The state Department of Transportation sent the borough a letter last month after a Dec. 12 meeting involving an agency municipal services specialist and borough officials. PennDOT is giving the municipality 30 days from that meeting to clear the speed bumps, which don’t match state guidelines, or lose some of the state money it receives every year.
“The basic part of (the letter) was that they have to remove the speed bumps from those roadways if they want to continue liquid fuels funding for that road segment,” PennDOT spokeswoman Valerie Petersen said.
The letter, sent the day after the meeting, also points to a policy that roads receiving those funds “must be drivable at 15 mph safely.”
Money from the state tax on gasoline and other liquid fuels is divided among municipalities based on their population and total road mileage. The funds can cover road projects like street repair and construction. East Washington’s allotment last year was more than $58,000. It had 2,000 people and less than six miles of eligible streets.
Borough police Chief David Bradley estimated the borough stands to lose “around $2,000.”
“It’s up to the council whether they’ll remove it or not, and that’ll be discussed at Monday’s meeting,” Bradley added.
Last month, council President Matt Boice dismissed PennDOT’s directive to remove the speed bumps as “really a non-story” and said the money the borough could lose by failing to comply would be “negligible.”
The borough had the seven bumps installed in July 2017. Along with two on South Wade Avenue near Washington & Jefferson College’s campus, the others are in less-traveled residential areas – Wilmont and Christman avenues and Thayer and Harrison streets. They force drivers to come to a near-halt before jostling over them.
While borough officials refer to the obstacles as “speed humps,” the obstacles they installed don’t match state officials’ description of that type of measure.
A PennDOT handbook does include a section on speed humps, which are three or four inches high but 12 to 20 feet long, as a way to slow traffic.
East Washington’s devices, which span the width of the street, aren’t as gradual – only 2 3/8 inches high but less than a foot long.
“Speed bumps may generate severe vertical displacement at low speeds and are not to be used as traffic calming measures,” according to the guidelines, which the letter cites.
Bradley said the other parameters of the measures – like the signs, roadway markings and placement – match state recommendations.

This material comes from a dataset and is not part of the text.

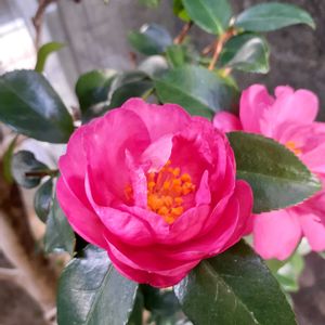 マンション玄関の寒椿🌺 通る住民を癒してくれて います💕
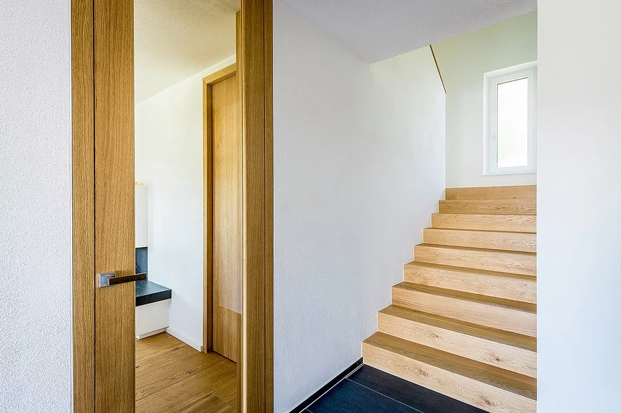 Bukové dřevo dodává prostoru teplo a přirozený vzhled, zatímco samonosná konstrukce zajišťuje stabilitu. Tato realizace vyřešila přístup do druhého patra v mezonetovém podkrovním bytě.

He said people in the borough were initially “split about 50-50” but the bumps seem to have become popular with citizens, who’ve asked for more of them. Other communities have shown interest in them, too. He said they’ve also stopped the speeding drivers who used to prompt complaints every month at council meetings.
“Without a doubt, it has diminished a little bit of traffic on South Wade,” Bradley said. “It has slowed travelers down at all the locations.”